Warp Introduces Voting and Fee Sharing token, veWarp
In order to revamp the Warp Token model and enhance user benefits, Warp Finance is enabling governance and other new functionalities by releasing veWarp tokens.
Many exciting changes are coming to Warp Finance, as we are launching v2 which introduces custom lending pool generation, Uniswap V3 compatibility, and the acceptance of new receipt tokens as collateral. With this new version, Warp has doubled down on its efforts to provide users with an optimal DeFi lending experience. A major part of this effort includes the decision to revamp the existing Warp Token model, with the veWarp fee sharing and governance token representing the first of many updates to be put into effect.
What is veWarp and how will it work?
Warp Finance has created a functionality for effectively making the existing Warp Token capable of delivering governance functionalities and fee sharing on the Warp Platform. Specifically, users can lock up their Warp Tokens into our vault, and will receive veWarp tokens in return. These veWarp are capable of sharing in profits from the platform, governance over Warp Token emissions to lending pairs, as well as voting on the supported lending pairs themselves. In this manner, highly active Warp users who already have earned Warp Tokens will be able to further participate in the platform and vote on various metrics via veWarp, being additionally rewarded with shared platform fees.
Lockup & Minting:
Under this new Warp Token function, users can lock up Warp Tokens to mint veWarp. Specifically, users can lock Warp tokens in the vault for 1 month to 2 years, and mint veWarp in return. The longer that tokens are locked up for, the higher amount of veWarp will be generated.
This veWarp is non-transferable and non-tradeable, and can only be used to vote, earn shared profits, or to be redeemed for the locked Warp tokens. There is a 50% penalty on unlocking Warp tokens earlier than the designated periods.

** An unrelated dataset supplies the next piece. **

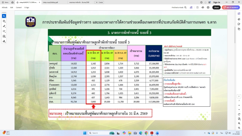 นางประเทือง มหาพิรุณ เกษตรและสหกรณ์จังหวัดตาก เป็นประธานการประชุมคณะกรรมการศูนย์ติดตามและแก้ไขปัญหาภัยพิบัติด้านการเกษตร จังหวัดตาก ครั้งที่ 3/2569 ถ่ายทอดสัญญาณจากห้องประชุมสำนักงานเกษตรและสหกรณ์จังหวัดตาก ศาลากลางจังหวัดตาก ชั้น 2 อำเภอเมืองตาก จังหวัดตาก และมอบหมายให้เจ้าหน้าที่กลุ่มช่วยเหลือเกษตรกรและโครงการพิเศษ เป็นผู้ดำเนินการจัดประชุมดังกล่าว เพื่อติดตามสถานการณ์และผลกระทบจากภัยพิบัติด้านการเกษตรในพื้นที่จังหวัดตาก การเฝ้าระวังภัยแล้ง การป้องกันการเผาในพื้นที่การเกษตร การดำเนินงานช่วยเหลือเกษตรกรผู้ประสบภัยพิบัติด้านการเกษตรของหน่วยงานที่เกี่ยวข้อง ในการเตรียมความพร้อม เฝ้าระวัง และการช่วยเหลือแก่เกษตรกร ผู้ประสบภัยพิบัติในพื้นที่จังหวัดตาก ให้เป็นไปด้วยความเรียบร้อย รวดเร็ว และตามระเบียบหลักเกณฑ์ต่างๆที่เกี่ยวข้องต่อไป

Furthermore, in Warp V2, we are opening up lending pairs for veWarp by giving veWarp holders receipt tokens to use as collateral. Within these pairs, because 50% is given up when the user pulls out of their agreement, then we can have the value of veWarp be 50% of the Warp collateral used, and using a 200% collateralization ratio, we can assume 25% of the total value of the Warp backing the veWarp can be used as collateral. This provides an additional benefit to veWarp in addition to those listed below.
Purpose and Benefits:
As mentioned, the veWarp token will be utilized to enable community governance over Warp token emissions to lending pairs, as well as the lending pairs supported on Warp. The veWarp token’s governance capacities will be structured similarly to that of Curve’s veCRV and SushiSwap’s oSushi. Like oSushi does for SushiSwap’s liquidity pairs, veWarp will act as a means for voting on the emissions to each lending pair, in addition to being used to vote for which lending pairs are supported. veWarp can be minted by locking up Warp tokens in our vault, meaning that those users earning veWarp are existing Warp protocol participants, and those earning a significant amount of veWarp must have a significant amount of Warp, which is only earned through platform participation. Warp team members will be kicking this off by locking up some of their team tokens for veWarp.

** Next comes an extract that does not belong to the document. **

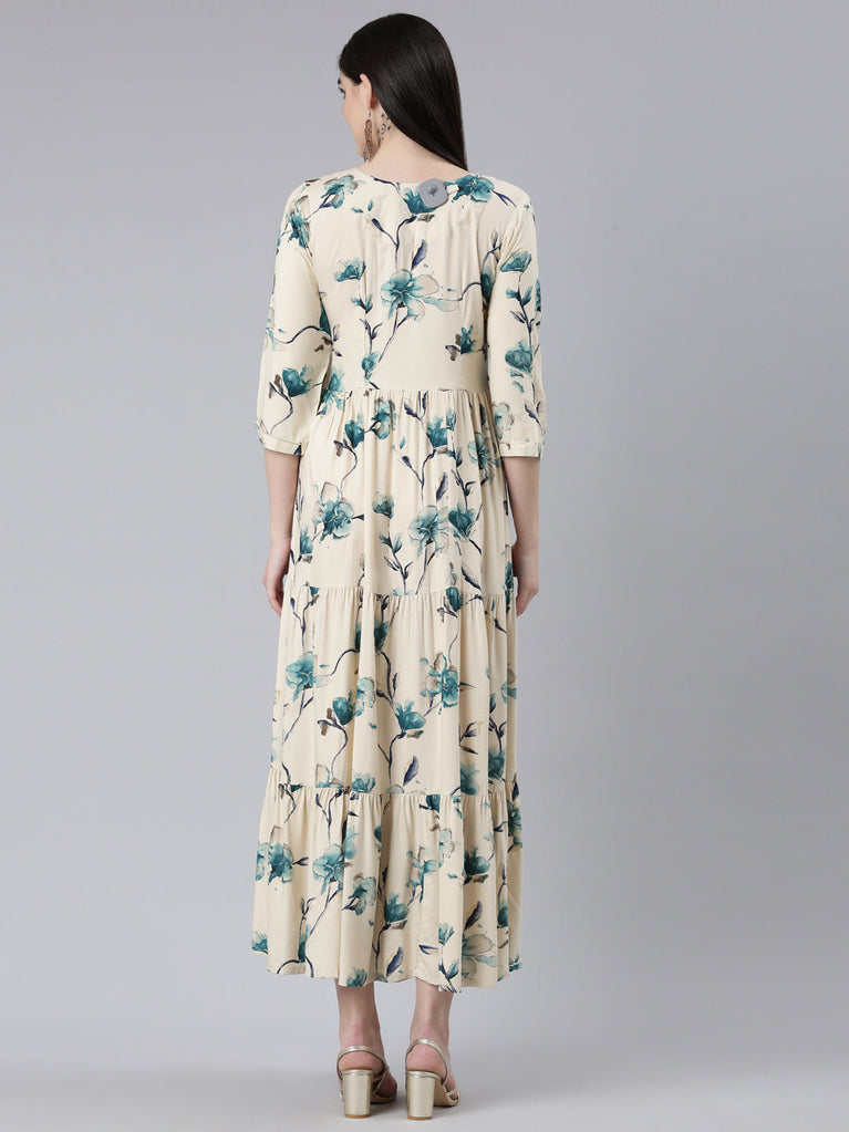 Neeru's Brown Straight Casual Printed Maxi Dresses

Furthermore, veWarp will act as a fee sharing token similar to xSushi. veWarp gives users a share of the fees generated by the platform — meaning, the fees generated will be able to be used to purchase Warp on the open market, giving the ability for veWarp holders to redeem their veWarp for Warp. This is what enables veWarp token holders to share in the fees generated from Warp Tokens.
In this manner, Warp ensures that there is a close alignment between the success of the protocol and the long-term believers. Token holders who lock up their tokens the longest will have the highest voting power, and receive the highest financial incentives, all while having skin in the game and prioritizing long-term growth over short-term fees.
One veWarp token is proportional to one vote.
Voting on lending pool selection and Warp token emission allocations to lending pools will occur each month. After voting, the vote will remain directed in the same pool, unless modified to select another pool, which can be done once per week. A user’s veWarp can be spread out across various lending pools, so that they are able to support multiple pools in proportions of their choosing.
Gauge weighting is used to determine the amount of veWarp required for a vote to pass (i.e. for a lending pool/emissions to be supported). Gauge weighting is calculated by dividing the total amount of veWarp voting for a particular option divided by the total amount of veWarp. Rewarded Warp tokens per vault is calculated based on this gauge weighting.
veWarp is launching after the launch of Warp V2, with more details to be announced. The capability of staking Warp for veWarp to be made available directly within the existing Warp Protocol interface.
By enabling users to lock up their Warp tokens for veWarp, the Warp protocol delivers essential governance and profit sharing capabilities in proportion to platform participation. This is just the first phase of remodelling the utility of the existing Warp Token, so keep an eye out for more updates.